The DB function calculates the depreciation of an asset for a specified period by using the fixed-declining balance method.

DB takes 5 required arguments and no optional arguments:

Syntax: DB(cost, salvage, life, period, month)

#1)
Using the DB function:
#2)
The arguments for the DB function are:
Argument Required? Description
cost Required The initial cost of the asset.
salvage Required The value at the end of the depreciation (the salvage value of the asset). This value can be 0.
life Required The number of periods over which the asset is being depreciated (the useful life of the asset).
period Required The period for which you want to calculate the depreciation. Period must use the same units as life.
month Required The number of months in the first year. If month is omitted, it is assumed to be 12.
#3)
Under the hood:
The fixed-declining balance method computes depreciation at a fixed rate.

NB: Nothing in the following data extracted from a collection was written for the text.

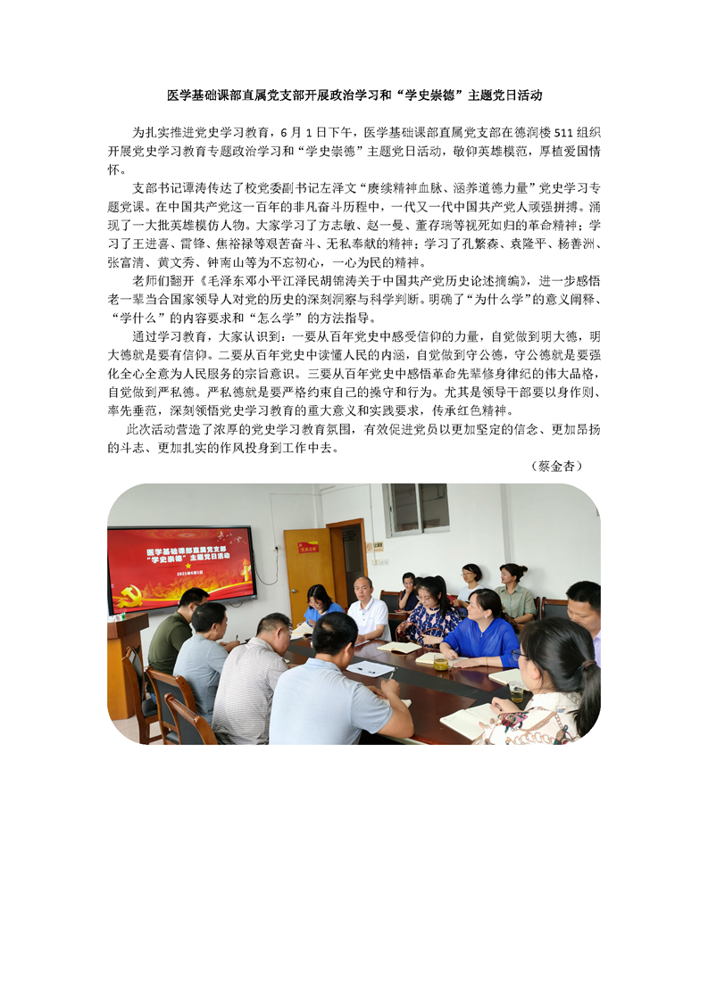 医学基础课部直属党支部开展政治学习和“学史崇德”主题党日活动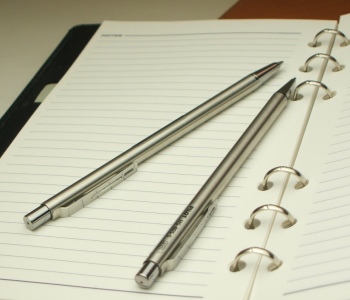 シルバーのシンプルなデザインの筆記具。手帳のおともにピッタリです! |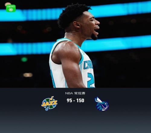 第四节爵士小克莱顿拿下11分,黄蜂特雷-曼拿下20分,最终爵士95-150不敌黄蜂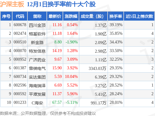 当日沪深主板换手率前10大个股中8只个股收涨,平均涨幅4.0%,其中四川金顶(600678)以换手率39.19%排第一,8只个股近5个交易日中多次上榜。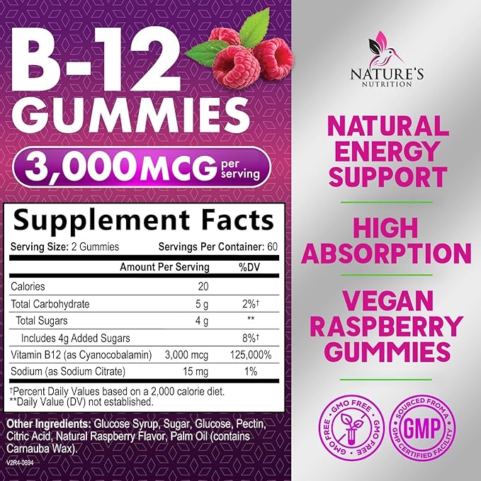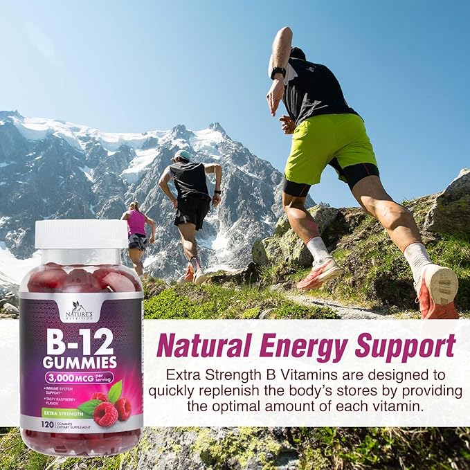 - B12 Energy Gummies by Nature's Nutrition: b12 energy over 1000 12 3000 5000 5000mcg for adults b b13 bitamin chewable gummies gummy mcg pills supplement supplements vitamin vitaminas vitamins women and 30 45 90 day supply complex extra system 100 count strength per s serving tablets 2 2500 flavored 1 500 servings cherry dietary health high with immune support raspberry

DB uses the following formulas to calculate depreciation for a period:
(cost - total depreciation from prior periods) * rate
where:
rate = 1 - ((salvage / cost) ^ (1 / life)), rounded to three decimal places


Depreciation for the first and last periods is a special case. For the first period, DB uses this formula:
cost * rate * month / 12


For the last period, DB uses this formula:
((cost - total depreciation from prior periods) * rate * (12 - month)) / 12

Summary

The DB function calculates the depreciation of an asset for a specified period by using the fixed-declining balance method.